O reencontro de Baby e Pepeu

Baby do Brasil puxou o ex-marido Pepeu Gomes de um lado e o filho Pedro Baby do outro, ambos com guitarras em punho. Haviam acabado de tocar “Mil e Uma Noites de Amor” no palco Sunset do Rock in Rio e Baby não se cabia em si: “Esse é um momento único na história da música brasileira. Talvez mais cem anos pra acontecer alguma coisa parecida”, disse a cantora, emocionada por estar fazendo música com o pai de seu filho e com o próprio filho. E realmente foi um momento tanto histórico quanto emocionante.

Ainda mais se levado em conta que ele aconteceu no imenso shopping a céu aberto que é o Rock in Rio, um parque temático sobre si mesmo em que os patrocinadores e a históriia do festival parecem ser mais importantes do que qualquer um dos artistas que venha subir em qualquer palco. No meio daquela bolha de plástico movida a dinheiro, um casal de ex-hippies reencontra sua energia vital ao se entregar a versões intermináveis de hits imortais que dominavam o rádio brasileiro e pavimentaram o caminho para o pop dos anos 80.

Porque Baby e Pepeu, mais do que integrantes de uma das principais bandas da história do rock brasileiro (os Novos Baianos), têm, juntos, uma carreira digna das melhores bandas de rock dos anos 80 – só que eles vieram antes.

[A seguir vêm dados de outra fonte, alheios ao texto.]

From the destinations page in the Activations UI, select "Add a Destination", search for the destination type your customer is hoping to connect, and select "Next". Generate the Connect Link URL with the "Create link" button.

Pertencem a uma geração que começa a romper tanto com os valores da ditadura militar quanto os da resistência civil, brincando com o pop (antes visto como “alienante” ou “imperialista”), com instrumentos elétricos, com sexo, drogas e rock’n’roll de forma que afrontavam o status quo da MPB e o tradicional cancioneiro latino-brasileiro.

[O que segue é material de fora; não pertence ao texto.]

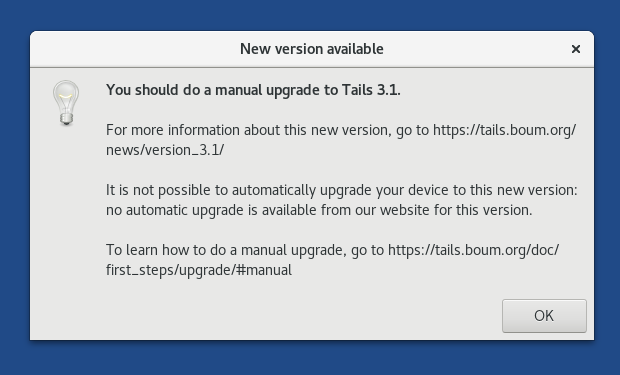 In the About Tails utility, you can click Check for Upgrades to check whether a new version of Tails is available. This check is also done automatically every time you start Tails and connect to the Tor network.
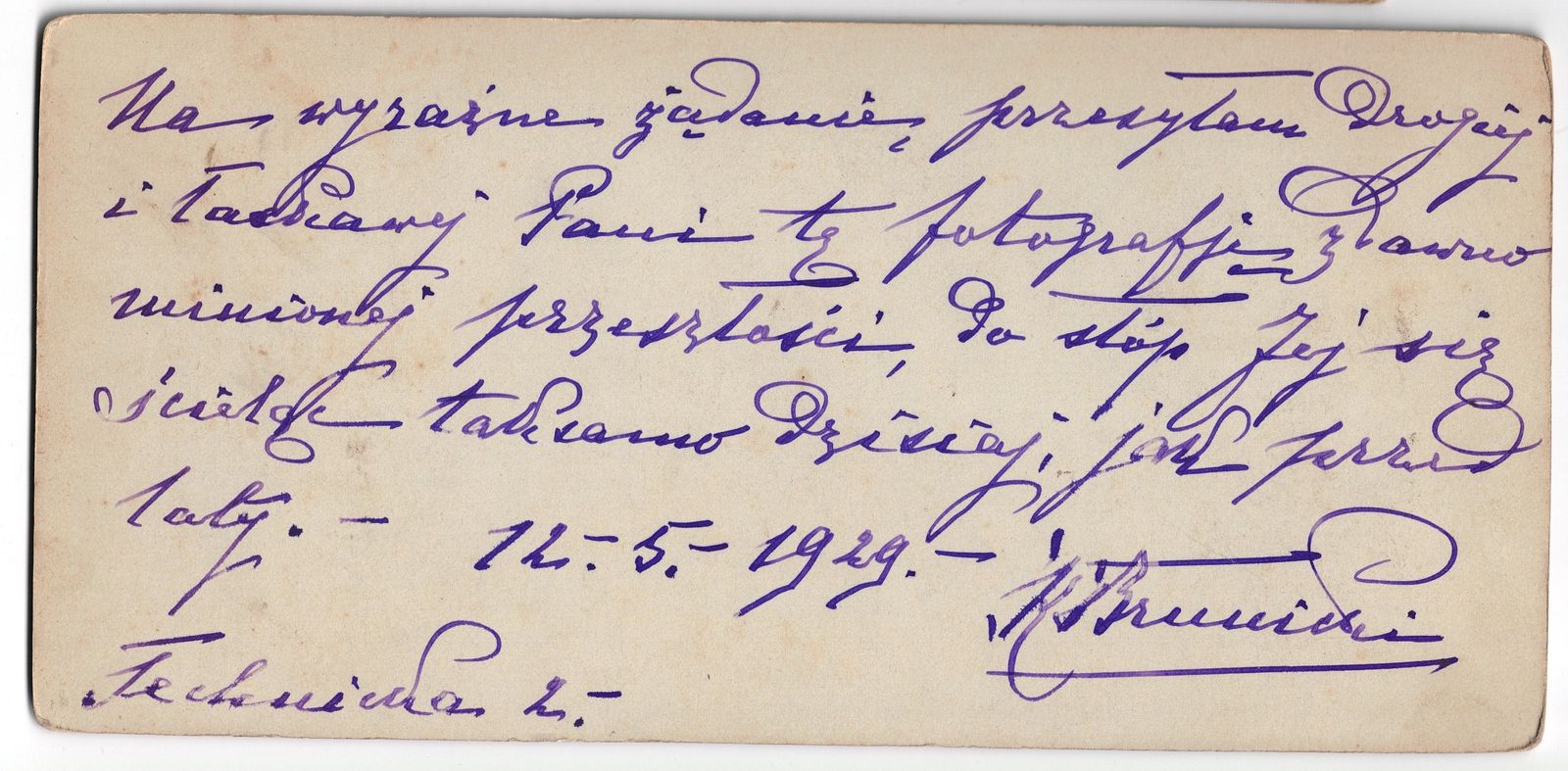 Na wyraźne żądanie przesyłam drogiej i łaskawej Pani tę fotografię z czasów minionej przeszłości, do stóp jej się ścieląc tak samo dzisiaj jak przed laty"

São bandas e músicos que pavimentaram o caminho para o chamado “pop rock” dos anos 80 na marra, forçando limites estéticos e comportamentais como se assumissem uma missão de retirar o Brasil de um atraso cultural imposto pela relação entre o governo militar e a cultura do protesto, questionando valores e criando polêmicas. Gente como Raul Seixas, Rita Lee (primeiro com o Tutti Frutti e depois com Roberto de Carvalho), Guilherme Arantes, Fagner, Ritchie, Secos e Molhados (e a carreira solo de Ney Matogrosso), Zé Ramalho, Eduardo Dusek, A Cor do Som, Marina Lima e até artistas de gosto duvidoso como Sidney Magal, Gretchen, Fabio Júnior, A Turma do Balão Mágico e até Xuxa – donos de hits que desafiaram a mesmice e a elitização da MPB e prepararam o território para as duas gerações de bandas que chamamos comumente de “rock brasileiro dos anos 80”: a carioca (formada por Lulu Santos, Kid Abelha, Blitz, João Penca, Lobão e os brasilienses Paralamas) e a paulista (formada por Ira!, Titãs, RPM, Ultraje a Rigor e os brasiliense Legião Urbana). A história desta geração é contada com minúcia no recente Pavões Misteriosos, que o jornalista André Barcinski lançou no ano passado pela editora Três Estrelas.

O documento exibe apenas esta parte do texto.